The mayor, along with Dallas Police Chief David Brown called a news conference this afternoon to showcase the success of the Mandatory Crime Reduction Program that has been in place at the Arbor Vista apartment community in Lake Highlands since last April. Knightvest, a Dallas-based outfit that owns 11 local properties bought Arbor Vista and cleaned house, Property Manager Melissa Bryant says.
“There were three or four drug houses operating here. We had to start evicting people,” she says. “One drug dealer said to me (bitterly) during the evictions, ‘What you are trying to do, people have been trying to do for years. Good luck.’”
Other residents who are still here now heard him say it, she says. “Now we are proving it can change.”
Post evictions the occupancy rate dropped to about 20 percent, which is scary for any apartment owner, notes David Moore with Knightvest Management. But today it is at 60 percent, “and that’s all good tenants,” adds Bryant.
We spoke with residents Glenda Thomas, Herbert Blair and Eddie Casnave. They’ve each lived there more than a year and are thrilled with the changes.
“We are all seniors and it was scary for us. You never knew what you were going to face when you got home,” Thomas says. “Now, you see people out walking with children and pets. There is a playground. It went from being a terrible place to being a friendly place,” she says.
Mayor Rawlings notes that statistics prove progress. In 2010, the Arbor Vista apartments saw seven aggravated assaults. In 2011 there was one. Burglaries in 2010: 16. In 2011: four. There was also a rape in 2010, but none in 2011.
Of course, cleaning up one complex won’t do much good if the dozens of surrounding apartment communities don’t commit to the same types of initiatives.
To this end, Rawlins promises to meet with the owners of the city’s “toughest apartments”. There are good and bad apartment owners. Some of the bad ones might not even be bad, he says. Maybe they just don’t know what to do, he says.
Brown promises police support, but Rawlins notes that “citizens need to back the budget process to back police.”

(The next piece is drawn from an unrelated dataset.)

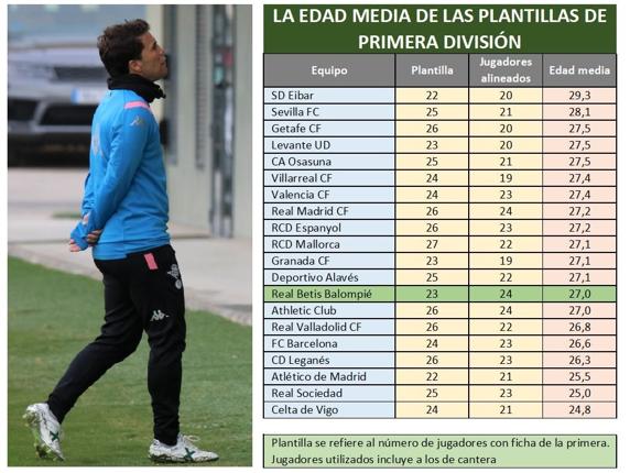 Betis posee la octava plantilla más joven de LaLiga, con una media de edad de 27 años -sin contar a los canteranos Ismael y Raúl, de 19 y 18 años, respectivamente, que bajarían la media casi a 26 años-, no así el Eibar, donde Mendilibar cuenta con la plantilla más veterana de toda la categoría, con una media de 29,3 años, según los datos de Transfermarkt.
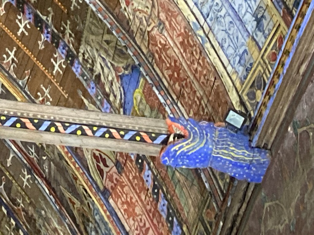 Deux grandes places entrecoupées par l’église Saint Jacques qui arbore un toit en forme de bateau renversé peint d’armoiries et de vitraux sur le bois. Une étincelle de beauté qui illumine cet écrin chrétien. Les poutres tenant cet édifice offrent des gueules de dragon rouge. Très dépaysant pour une église.

Mayor Pro Tem Pauline Medrano, who also spoke, asked the public to remember that an apartment community is a neighborhood. She points to a small child in the room and says, “Giovanni, here, he’s four. He and the rest of the residents deserve a chance.”
Knightvest owns three apartments in Lake Highlands: Arbor Vista, Wellington and The Madeline. They are implementing similar programs at all of their properties.